### TASK INSTRUCTIONS
From the listing below, give again exactly the lines from the line with "이번 시간은 신한카드" to the line with "Sabah saatlerinde okula", ends included, without any pictures.

### INFORMATION SUPPLIED
Segment Open
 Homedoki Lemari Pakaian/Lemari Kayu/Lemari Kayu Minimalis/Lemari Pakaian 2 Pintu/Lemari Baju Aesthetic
Segment Closed
Segment Open
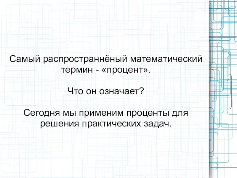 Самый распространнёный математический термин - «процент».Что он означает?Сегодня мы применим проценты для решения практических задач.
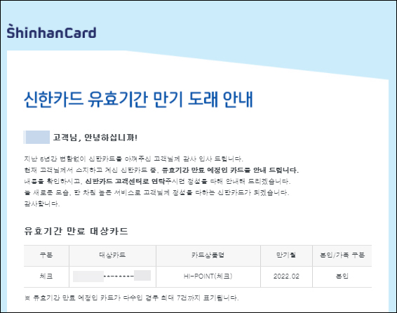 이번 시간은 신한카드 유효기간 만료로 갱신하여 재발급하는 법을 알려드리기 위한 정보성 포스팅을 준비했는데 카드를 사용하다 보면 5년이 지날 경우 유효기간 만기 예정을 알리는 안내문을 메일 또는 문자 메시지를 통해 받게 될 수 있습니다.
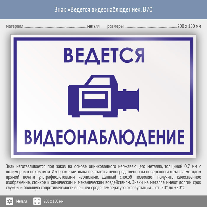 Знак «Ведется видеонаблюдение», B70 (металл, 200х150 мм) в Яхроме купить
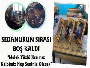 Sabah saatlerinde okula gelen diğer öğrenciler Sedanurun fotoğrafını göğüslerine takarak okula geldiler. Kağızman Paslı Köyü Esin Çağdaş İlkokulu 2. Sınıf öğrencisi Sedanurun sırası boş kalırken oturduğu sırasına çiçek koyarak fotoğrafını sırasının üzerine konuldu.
Segment Closed
### REPLY
 이번 시간은 신한카드 유효기간 만료로 갱신하여 재발급하는 법을 알려드리기 위한 정보성 포스팅을 준비했는데 카드를 사용하다 보면 5년이 지날 경우 유효기간 만기 예정을 알리는 안내문을 메일 또는 문자 메시지를 통해 받게 될 수 있습니다.
 Знак «Ведется видеонаблюдение», B70 (металл, 200х150 мм) в Яхроме купить
 Sabah saatlerinde okula gelen diğer öğrenciler Sedanurun fotoğrafını göğüslerine takarak okula geldiler. Kağızman Paslı Köyü Esin Çağdaş İlkokulu 2. Sınıf öğrencisi Sedanurun sırası boş kalırken oturduğu sırasına çiçek koyarak fotoğrafını sırasının üzerine konuldu.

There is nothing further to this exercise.